Mantendo o compromisso com os fundamentos doutrinários pentecostais

Ao chegarmos à celebração do Centenário do Movimento Pentecostal no Brasil, chegamos também a um tempo de maturidade, de avaliação, de revisão de nossa teologia. Queiramos ou não, esse é um tempo em que a igreja de Cristo deve refletir, histórica e teologicamente, sobre o seu papel no mundo em que vivemos.

Chegamos hoje ao Movimento Pentecostal moderno como um dos grandes acontecimentos do século 20. Ele surgiu com um pequeno grupo de pessoas interessadas em tornar o cristianismo anêmico e seco em um cristianismo forte e espiritual com as mesmas características da Igreja Primitiva. Esse pequeno grupo começa um movimento espiritual com ênfase na liberdade do Espírito Santo para operação de sinais e prodígios e a manifestação dos dons espirituais no começo do século 20. Um vento espiritual soprou na Europa foi para os Estados Unidos da América do Norte, cresceu e se tornou uma força significativa dentro da cristandade.

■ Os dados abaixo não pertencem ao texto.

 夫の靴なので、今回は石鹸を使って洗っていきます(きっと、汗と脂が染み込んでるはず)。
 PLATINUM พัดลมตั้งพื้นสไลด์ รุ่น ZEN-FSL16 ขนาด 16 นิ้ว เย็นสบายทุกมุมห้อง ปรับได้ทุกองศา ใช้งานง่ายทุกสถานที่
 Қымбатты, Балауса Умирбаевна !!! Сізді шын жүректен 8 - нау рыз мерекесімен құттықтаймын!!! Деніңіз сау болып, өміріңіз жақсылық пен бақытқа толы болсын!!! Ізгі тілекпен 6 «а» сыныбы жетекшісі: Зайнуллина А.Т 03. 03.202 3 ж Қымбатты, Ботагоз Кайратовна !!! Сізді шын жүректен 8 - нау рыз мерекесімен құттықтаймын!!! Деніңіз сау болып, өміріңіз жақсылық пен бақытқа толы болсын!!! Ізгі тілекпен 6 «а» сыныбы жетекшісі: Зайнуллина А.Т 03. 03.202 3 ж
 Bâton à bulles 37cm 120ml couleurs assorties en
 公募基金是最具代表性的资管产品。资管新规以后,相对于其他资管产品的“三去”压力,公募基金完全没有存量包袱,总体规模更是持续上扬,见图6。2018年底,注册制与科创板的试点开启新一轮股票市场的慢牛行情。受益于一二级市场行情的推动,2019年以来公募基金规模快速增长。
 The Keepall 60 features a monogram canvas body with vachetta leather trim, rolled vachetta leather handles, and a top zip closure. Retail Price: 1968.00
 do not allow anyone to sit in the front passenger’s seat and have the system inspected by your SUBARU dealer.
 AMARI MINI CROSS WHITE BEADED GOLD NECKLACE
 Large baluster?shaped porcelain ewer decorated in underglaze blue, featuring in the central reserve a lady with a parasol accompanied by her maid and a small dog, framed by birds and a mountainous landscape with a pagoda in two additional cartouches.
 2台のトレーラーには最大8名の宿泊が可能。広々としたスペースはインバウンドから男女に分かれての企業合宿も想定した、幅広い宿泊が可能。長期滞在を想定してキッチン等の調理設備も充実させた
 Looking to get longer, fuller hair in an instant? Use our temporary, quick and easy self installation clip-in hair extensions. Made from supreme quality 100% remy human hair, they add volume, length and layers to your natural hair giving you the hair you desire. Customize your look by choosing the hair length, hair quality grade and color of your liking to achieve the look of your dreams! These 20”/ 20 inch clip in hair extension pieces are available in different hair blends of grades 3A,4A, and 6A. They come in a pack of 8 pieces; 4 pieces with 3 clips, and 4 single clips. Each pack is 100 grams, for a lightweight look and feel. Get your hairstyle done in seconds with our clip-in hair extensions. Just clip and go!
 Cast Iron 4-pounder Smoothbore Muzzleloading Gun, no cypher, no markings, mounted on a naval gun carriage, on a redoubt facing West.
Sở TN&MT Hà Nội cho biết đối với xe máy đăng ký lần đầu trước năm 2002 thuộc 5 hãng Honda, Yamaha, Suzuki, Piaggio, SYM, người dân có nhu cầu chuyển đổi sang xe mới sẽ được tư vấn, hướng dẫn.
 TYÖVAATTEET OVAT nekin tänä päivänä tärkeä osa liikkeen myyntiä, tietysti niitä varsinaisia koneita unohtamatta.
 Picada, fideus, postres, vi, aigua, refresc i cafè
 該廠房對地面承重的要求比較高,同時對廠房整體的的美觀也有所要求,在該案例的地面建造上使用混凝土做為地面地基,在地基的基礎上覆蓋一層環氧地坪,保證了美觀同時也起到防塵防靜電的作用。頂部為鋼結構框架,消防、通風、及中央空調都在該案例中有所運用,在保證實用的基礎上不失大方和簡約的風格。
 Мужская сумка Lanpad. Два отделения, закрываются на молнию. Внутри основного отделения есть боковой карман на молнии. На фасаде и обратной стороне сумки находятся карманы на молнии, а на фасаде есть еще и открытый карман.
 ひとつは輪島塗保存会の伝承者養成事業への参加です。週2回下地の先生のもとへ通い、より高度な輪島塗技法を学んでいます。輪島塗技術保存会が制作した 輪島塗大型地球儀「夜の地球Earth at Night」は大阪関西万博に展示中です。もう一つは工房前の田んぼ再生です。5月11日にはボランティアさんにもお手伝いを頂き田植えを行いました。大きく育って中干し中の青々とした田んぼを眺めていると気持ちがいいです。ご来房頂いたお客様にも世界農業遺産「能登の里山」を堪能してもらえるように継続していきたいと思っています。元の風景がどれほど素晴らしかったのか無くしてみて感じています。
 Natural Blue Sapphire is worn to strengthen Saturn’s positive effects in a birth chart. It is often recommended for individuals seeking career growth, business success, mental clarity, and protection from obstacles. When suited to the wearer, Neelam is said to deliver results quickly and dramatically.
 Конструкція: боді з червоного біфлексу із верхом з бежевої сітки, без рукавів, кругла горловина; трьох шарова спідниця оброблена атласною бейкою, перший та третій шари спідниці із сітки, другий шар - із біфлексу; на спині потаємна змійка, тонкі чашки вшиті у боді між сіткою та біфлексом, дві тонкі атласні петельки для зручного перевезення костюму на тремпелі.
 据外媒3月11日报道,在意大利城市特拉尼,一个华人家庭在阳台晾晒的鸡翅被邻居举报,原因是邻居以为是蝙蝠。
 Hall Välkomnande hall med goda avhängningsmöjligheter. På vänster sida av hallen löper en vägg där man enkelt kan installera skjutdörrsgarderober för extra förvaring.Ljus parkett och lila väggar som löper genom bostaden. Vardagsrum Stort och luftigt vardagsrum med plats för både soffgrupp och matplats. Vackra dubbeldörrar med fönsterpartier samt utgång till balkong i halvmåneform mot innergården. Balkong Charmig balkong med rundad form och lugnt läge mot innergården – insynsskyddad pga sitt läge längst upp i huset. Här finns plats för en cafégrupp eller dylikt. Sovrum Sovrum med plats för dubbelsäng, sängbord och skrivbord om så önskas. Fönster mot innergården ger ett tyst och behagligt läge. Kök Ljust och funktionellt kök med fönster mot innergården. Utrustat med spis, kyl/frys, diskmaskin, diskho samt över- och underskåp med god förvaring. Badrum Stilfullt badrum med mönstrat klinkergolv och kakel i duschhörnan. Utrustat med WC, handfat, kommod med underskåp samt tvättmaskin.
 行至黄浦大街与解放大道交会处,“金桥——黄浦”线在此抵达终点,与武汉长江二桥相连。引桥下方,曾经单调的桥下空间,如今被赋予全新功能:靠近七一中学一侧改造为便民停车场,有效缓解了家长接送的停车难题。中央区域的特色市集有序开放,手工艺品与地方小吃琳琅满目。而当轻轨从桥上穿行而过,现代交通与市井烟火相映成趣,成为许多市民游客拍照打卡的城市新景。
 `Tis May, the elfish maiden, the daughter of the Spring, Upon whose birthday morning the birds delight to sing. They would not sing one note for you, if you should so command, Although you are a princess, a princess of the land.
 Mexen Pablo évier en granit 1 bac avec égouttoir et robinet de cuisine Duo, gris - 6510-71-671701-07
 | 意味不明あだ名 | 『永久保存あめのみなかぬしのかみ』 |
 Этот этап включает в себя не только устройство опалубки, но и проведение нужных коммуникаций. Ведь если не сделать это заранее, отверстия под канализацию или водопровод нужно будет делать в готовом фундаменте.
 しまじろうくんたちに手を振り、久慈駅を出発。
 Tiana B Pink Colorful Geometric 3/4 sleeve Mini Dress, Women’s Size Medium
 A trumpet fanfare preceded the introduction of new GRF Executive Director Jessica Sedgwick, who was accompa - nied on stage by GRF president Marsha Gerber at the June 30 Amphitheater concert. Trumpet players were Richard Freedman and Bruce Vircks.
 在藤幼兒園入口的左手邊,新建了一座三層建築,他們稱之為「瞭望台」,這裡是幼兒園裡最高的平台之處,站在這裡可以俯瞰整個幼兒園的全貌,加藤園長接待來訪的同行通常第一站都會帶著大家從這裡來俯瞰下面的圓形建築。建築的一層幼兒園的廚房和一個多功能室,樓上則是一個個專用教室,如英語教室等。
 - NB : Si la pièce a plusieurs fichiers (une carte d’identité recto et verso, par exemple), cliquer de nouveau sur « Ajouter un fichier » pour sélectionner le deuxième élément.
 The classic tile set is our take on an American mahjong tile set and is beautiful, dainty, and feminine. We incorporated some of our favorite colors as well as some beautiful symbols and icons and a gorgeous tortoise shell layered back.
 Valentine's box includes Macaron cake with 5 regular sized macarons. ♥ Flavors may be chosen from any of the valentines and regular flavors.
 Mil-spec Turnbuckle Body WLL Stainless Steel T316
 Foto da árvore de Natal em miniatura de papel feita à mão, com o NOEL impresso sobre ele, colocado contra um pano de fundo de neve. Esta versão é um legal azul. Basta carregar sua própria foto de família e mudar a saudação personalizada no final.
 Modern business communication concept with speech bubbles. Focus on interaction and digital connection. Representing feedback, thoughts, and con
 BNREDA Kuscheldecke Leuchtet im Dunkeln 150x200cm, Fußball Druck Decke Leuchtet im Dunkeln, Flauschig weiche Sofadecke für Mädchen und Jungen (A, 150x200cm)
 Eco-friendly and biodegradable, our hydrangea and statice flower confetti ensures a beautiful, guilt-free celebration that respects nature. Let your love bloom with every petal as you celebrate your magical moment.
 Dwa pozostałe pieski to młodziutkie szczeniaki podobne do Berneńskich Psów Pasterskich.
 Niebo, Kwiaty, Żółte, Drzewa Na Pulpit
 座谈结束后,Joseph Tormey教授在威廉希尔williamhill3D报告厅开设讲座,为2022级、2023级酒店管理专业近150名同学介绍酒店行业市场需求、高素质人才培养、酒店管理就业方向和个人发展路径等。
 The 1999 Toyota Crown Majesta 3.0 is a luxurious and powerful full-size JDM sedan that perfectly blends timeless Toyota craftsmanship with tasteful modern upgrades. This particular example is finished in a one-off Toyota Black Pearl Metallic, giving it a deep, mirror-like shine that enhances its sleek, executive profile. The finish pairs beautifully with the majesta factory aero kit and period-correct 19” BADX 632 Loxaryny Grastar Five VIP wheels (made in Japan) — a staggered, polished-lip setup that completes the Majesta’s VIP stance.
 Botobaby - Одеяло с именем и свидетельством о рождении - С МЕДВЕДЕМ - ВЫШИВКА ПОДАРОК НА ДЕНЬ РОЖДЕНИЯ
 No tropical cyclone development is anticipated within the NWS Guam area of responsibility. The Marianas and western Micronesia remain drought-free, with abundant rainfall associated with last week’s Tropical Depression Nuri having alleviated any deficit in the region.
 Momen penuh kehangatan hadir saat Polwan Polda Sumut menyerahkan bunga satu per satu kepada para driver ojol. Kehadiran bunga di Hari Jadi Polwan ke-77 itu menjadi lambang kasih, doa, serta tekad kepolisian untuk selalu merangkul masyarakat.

O surgimento do Movimento Pentecostal moderno inicia-se em janeiro de 1901, na cidade de Topeka, Kansas, EUA, quando Agnes Ozman experimentou o batismo com o Espírito Santo manifestado com o falar em línguas entre tantos outros. O movimento espiritual de caráter pentecostal vinha sendo experimentado com intensidade desde 1850, mas foi a partir da experiência da senhora Ozman, que era aluna da Escola Teológica de Charles F. Parham, chamada Charles Parham's Bethel College, que o Movimento ganhou força. Foi nesta Escola que abriu-se no coração de Parham o desejo de conhecer mais profundamente a experiência do batismo com o Espírito Santo com o falar em línguas como evidência externa desse batismo. Posteriormente,  Parham abriu uma Escola Bíblica em Houston, Texas, e foi através dela que surgiu o pregador do movimento de santidade (Movimento Holiness) chamado William J. Seymour pregando a mensagem pentecostal. Depois de dois anos ali, Seymour foi para a Califórnia. Em 1906, em Los Angeles, após ter sido rejeitado pelos líderes do Movimento Holiness, Seymour começou a realizar reuniões de oração na famosa Rua Azuza, tornando-se, a partir de então, o grande popularizador do Movimento Pentecostal. Pessoas de várias partes dos EUA e de outros países visitavam a igreja da Rua Azuza, espalhando a chama pentecostal no mundo inteiro.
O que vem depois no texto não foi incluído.